Optical Pyrometry Begins to Fulfill its Promise
Process chamber design and electronics developments are fulfilling optical pyrometry
Alexander E. Braun, Associate Editor -- Semiconductor International, 3/1/1998
Fiber optics-based pyrometry, which uses a fiber or a quartz or sapphire rod to measure temperature utilizing the light emitted by the hot wafer, is gaining acceptance in most processes taking place above room temperature. Wafer temperature is the most important process variable for many of today's production processes. This includes chemical vapor deposition (CVD), physical vapor deposition (PVD), rapid-thermal processing (RTP) and some etch processes. The move to 200 and now 300 mm demands accurate temperature measurement, particularly since these wafers are processed singly, while the smaller geometries going on these wafers require that temperature be measured in situ. One of the best, albeit not the simplest, ways to do this is by inserting a crystal rod or fiber in the process chamber to collect the hot wafer's emitted light.All single-wafer process tools have some kind of in situ optical temperature measurement system. This was unheard of two years ago, when there was considerable resistance to adopting the technology. This was well-founded. To make an optical pyrometer measurement, it is best to know the wafer's emissivity, and determining this posed problems. However, if the wafers are similar -- even if emissivity is unknown -- it is possible to get reproducible measurements without knowing the absolute temperature.

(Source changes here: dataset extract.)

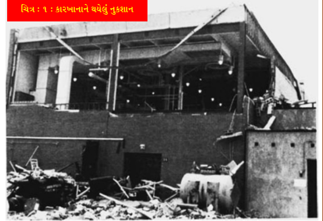
ચિત્ર : ૧ : કારખાનાને થયેલું નુકશાન

વેસલ દ્રાવણના ફ્લેશ પોઇન્ટ કરતાં નીચાં તાપમાને કામ કરતું હોવાથી અને વેસલની અંદરના વાતાવરણમાં ફ્યુલ વેપરની માત્રા આગ ચાલુ કરવા માટે ઘણી ઓછી હતી. આ કારણે ઘડાકા માટેનું કોઈ જોખમ ન હતું, પરંતુ ફ્યુલ ફક્ત વેપર તરીકે હોય તેમ નથી (યાદ કરો ડસ્ટ નો ઘડાકો). તપાસને અંતે એવું બહાર આવ્યું કે વેસલના એજીટેશનને કારણે સુક્ષ્મ ઝાકળરૂપે પ્રવાહીના નાનાં બિંદુઓ બન્યા (જુઓ ચિત્ર ૨). આ નાનકડાં બિંદુઓનું સરેરાશ માપ લગભગ ૧ માઈક્રોન હતું. આ ઝાકળનાં નાનકડાં બિંદુઓની સરખાણી એ માણસોના વાળનો વ્યાસ ૪૦-૫૦ ગણો મોટો છે. ફ્લેમેબીલીટી કસોટીમાં એવું સાબિત થયું કે ૩મ તાપમાને હવામાં ઝાકળના નાનકડાં બિંદુઓ સળગી શકે છે અને ઝાકળના નાનકડાં બિંદુઓ શુદ્ધ ઓક્સીજન વાળા વાતાવરણમાં વધુ સહેલાઈથી સળગી શકે છે. વેસલમાં ફ્યુલ અને ઓક્સિજન બંને હતાં – પરંતુ અગ્નિસ્ત્રોત ક્યાં હતો ? બરેબર તો આ ઘડાકામાટે કારણભુત અગ્નિસ્ત્રોત ને શોધવો ઘણું મુશ્કેલ છે , પરંતુ તપાસમાં એવું નક્કી થયું કે અગ્નિસ્ત્રોત નુ કારણ અશુદ્ધિઓ હતી, જે અગાઉના પ્રયોગોમાં રહી ગઈ હશે. જેનું ડીકંપોઝીશન થયું અને એટલી ગરમી ઉત્પન્ન થઈ જે ઝાકળનાં નાનકડાં બિંદુઓમાં આગ શરૂ કરવા પુરતું હતું.

Optical pyrometry's implementation has been delayed because of the significant wafer emissivity problem in PVD, CVD and RTP; and optical pyrometry does not lend itself to retrofits. It is nearly impossible to install a fiber in an existing furnace and make it work. However, when the furnace is designed for it, the end result is superior. Even if optical pyrometry's results are not exceptional, it is still desirable, since the alternative is to operate without temperature information. As a user put it, "It is the difference between having very poor vision and being blind."

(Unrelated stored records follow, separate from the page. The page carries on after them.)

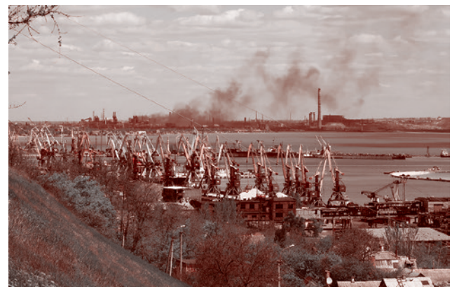
Краны морского порта
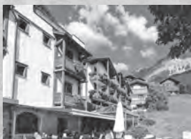
Hotel Spescha*** Voa Principala 60 7078 Lenzerheide

Das Hotel Dieschen verspricht einzigartige Bergerferien in unmittelbarer Nähe der Rothorn Talstation.
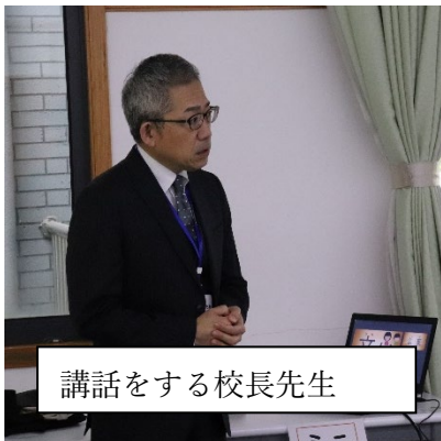
講話をする校長先生

1948年12月10日に国際連盟において世界人権宣言が採択されたことを記念して、毎年12月4日から10日は人権週間になっています。今月の全校朝会では、校長先生から人権についての講話がありました。

| Optical pyrometry's vision is not great. Many of the tools shipped in $1 million deposition systems provide a measurement capability of between ±3°C and ±15°C accuracy. Although not ideal, it is orders of magnitude better than having no knowledge about what the temperature is. Currently, a ±3°C accuracy is state-of-the-art, but this is improving. An obstacle to better accuracy is wafer emissivity, which is minimized by the chamber geometry. Background "noise" is another; that is, light originating from somewhere other than the hot wafer. This is a considerable problem for plasma systems, where the plasma generates a large amount of stray light, and in RTP. Yet another issue is wafer transmission, where the wafer becomes semitransparent, and the measurement system looks through it as well as at it. The latter is a low-temperature (100-500°C) measurement problem. |  Fiber optics-based pyrometry systems use a fiber or a quartz or sapphire rod to measure temperature using a hot wafer's emitted light. |
Fiber optic pyrometry field calibration is problematic. Calibration can be thrown off when a system is installed. Dirty optics is another issue -- it is difficult to clean the system inside a process chamber. Companies like Applied Materials (Santa Clara, Calif.), Luxtron (Santa Clara, Calif.) and Novellus (San Jose, Calif.) are exerting considerable efforts to solve field calibration problems, and major improvements will result.

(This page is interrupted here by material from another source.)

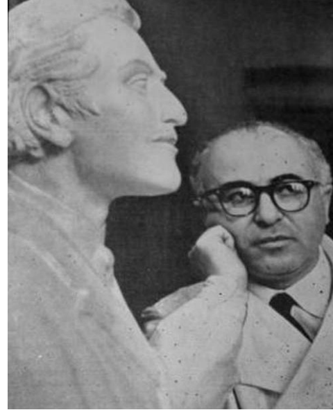
դարձնում գիտնականի կենսագրական էջը:

Վերջերս այցելելով թանգարան՝ գիտնականի որդի, քանդակագործ Վլադիմիր ճաղարյանը հոր մասին պատմող ցուցանմուշներով համարել է թանգարանի էջը, այդ թվում՝ նրա վիրաբուժական գործիքները, Մարտիրոս Սարյանի նկարած գիտնականի դիմանկարը, տարբեր երկրներից բերված նվիրատվություններ, մասնավորապես՝ արաբական սուլթաններից մեկի նվիրած ձեռնափայտ ու գլխաշորը, որոնք ավելի ամբողջական են

Using an integrating amplifier, it will be possible to process smaller signals. Less light will be needed to make measurements, permitting systems to track temperatures down to 200°C instead of 400°C, today's bottom end. That will open up new processes -- some plasma-assisted CVDs will have better temperature measurement, and more etch processes will be monitored. PVD processing will be better tracked, an important capability as geometries and thermal budgets shrink.
As electronics get smaller and the amplifier and signal processing system are miniaturized further, the collection optics will be directly connected to the electronics. As these improved systems begin coming on-line this year, optical pyrometry will be well on its way to becoming the standard for in situ wafer processing temperature measurement.